About two o’clock that night, an awful noise was heard in the house, and our friend the traveler was found tumbling heels-over-head down stairs. On the landlord’s arriving at the spot and inquiring what the matter was, the traveler ejaculated, as soon as he was able to speak – “O dear! The woman’s dead!”

“I know that,” said the landlord; ”but how did you find that out?”


On a certain American railway, the following intelligible notice appears: – “Hereafter, when trains moving in an opposite direction are approaching each other, on separate lines, conductors and engineers will be required to bring their respective trains to a dead halt before the point of meeting, and be very careful not to proceed till each train has passed the other.”


An irritable man is somewhat like a hedgehog rolled up the wrong way, and pierced by his own prickles.


Language is used to give expression to thoughts, and sometimes to hide the want of them.


The first physician in a certain case was discharged by his patient because he was honest enough to tell him he had only a sore throat; and the second doctor having had some hint of the fact, answered the sick man, when questioned, that his case was highly abnormal, and had degenerated into synanche tonsilaris. “Why, only think, doctor,” said the patient; “that fool told me I had nothing but a sore throat, and I told him I had no use for such a dunce.”

“I Say.”

Mrs.
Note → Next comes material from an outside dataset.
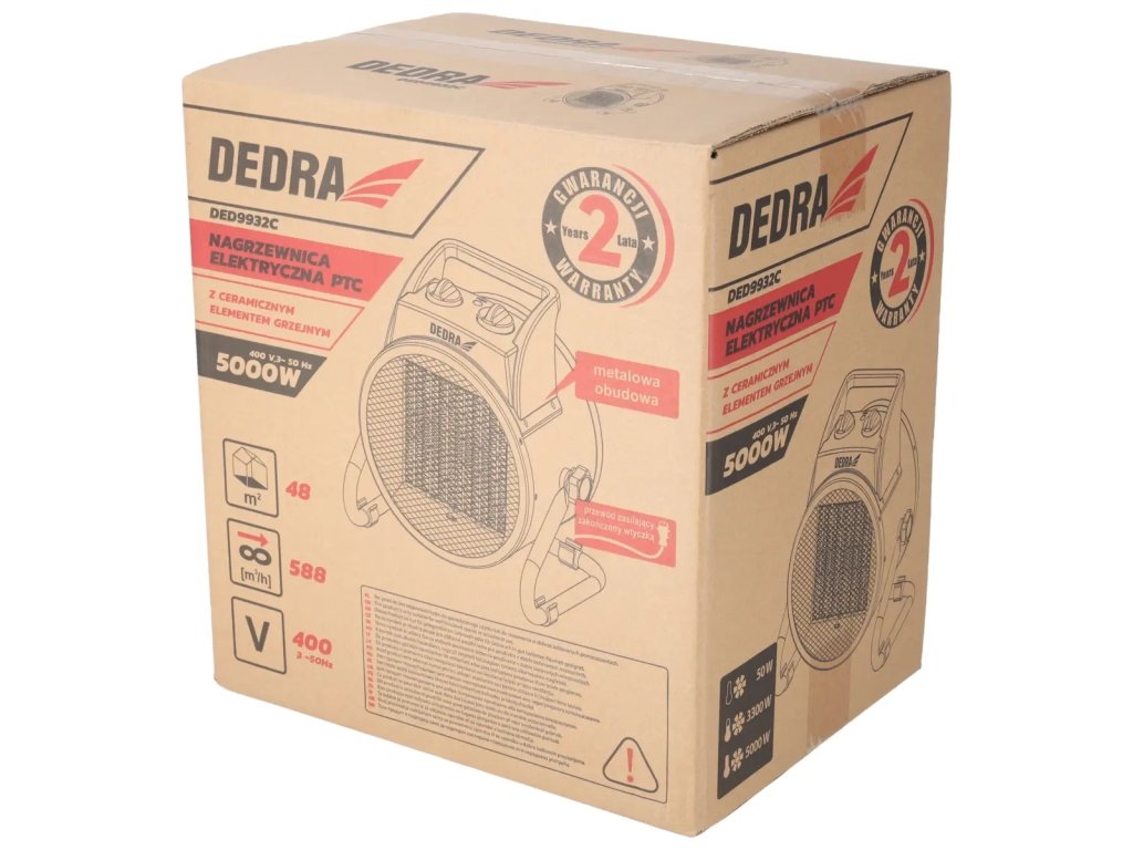 Električni grelec DED9931C je naprava namenjena uporabi v zaprtih prostorih. Uporablja se za ogrevanje prostorov in uporabnih površin, kot so kleti, garaže, delavnice itd. Naprava je namenjena uporabi kot pomožni vir toplote, ne kot glavni vir toplote. Če je gumb za temperaturo nastavljen na minimum, naprave ni mogoče uporabljati kot ventilator brez funkcije ogrevanja. Zaradi keramičnega grelnega telesa (PT C) je toplota občutna skoraj takoj po vklopu. Kovinsko ohišje. Udoben ročaj za prenašanje.Ta izdelek je primeren le za občasno uporabo ali za uporabo v dobro izoliranih prostorih.
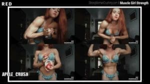 GilcunhaGil Cunha is unbelievable, she shows her gigantic muscles and superior strength smashing some apples over her biceps and pecs.

Jenkins was in the habit of saying “I say” to almost every sentence to which she gave utterance. On one occasion she rang the bell for her footman, and on his entering she said – “I say, James, I’ve been to Mrs. Thompson’s, and heard say that you said that I am in the habit of saying ‘I say’ to every word I say. Now, if I do say ‘I say’ to every word I say, it does not become you to say that I say ‘I say’ to every word I say, James.”

Not Caught There

“Jacob,” said a father, “yesterday I forbade you associating with the neighbouring children any more, and to-day you have disobeyed me. the next time I catch you there I shall be obliged to punish you.”

The next day Jake was there again, totally oblivious of the interdiction until he saw his father entering the neighbour’s yard, with a rod in his hand. Jake made for the fence, over which he leaped, pursued by his father, and ran home: there he was caught.

“Now, my son,” said the irritated father, “what did I tell you I would do yesterday?”

‘You told me, father, that if you caught me there again, you would punish me.”

“Well,” said the father –

“Hold on, father!” said the little reprobate, who knew that if he made his sire laugh, the matter would be right; “you didn’t catch me there – you catched me here!

The desired effect was produced, and the rod was dropped; but the interdiction was renewed – “If I ever see you there, or hear of your being there, no matter where I catch you, you will catch a flogging.” Jake deemed it prudent not to transgress again.


Why is “B” like a hot fire?

Because it makes oil boil.


The following is an Irishman’s description of making a cannon: “Take a long hole, and pour brass or iron round it!”


On what meat did Dido feed? Dido et dux, according to Virgil.


In giving geographical lessons, a teacher asked a boy – “What state do you live in?” In answer to which he drawled out – “In a state of sin and misery, sir.”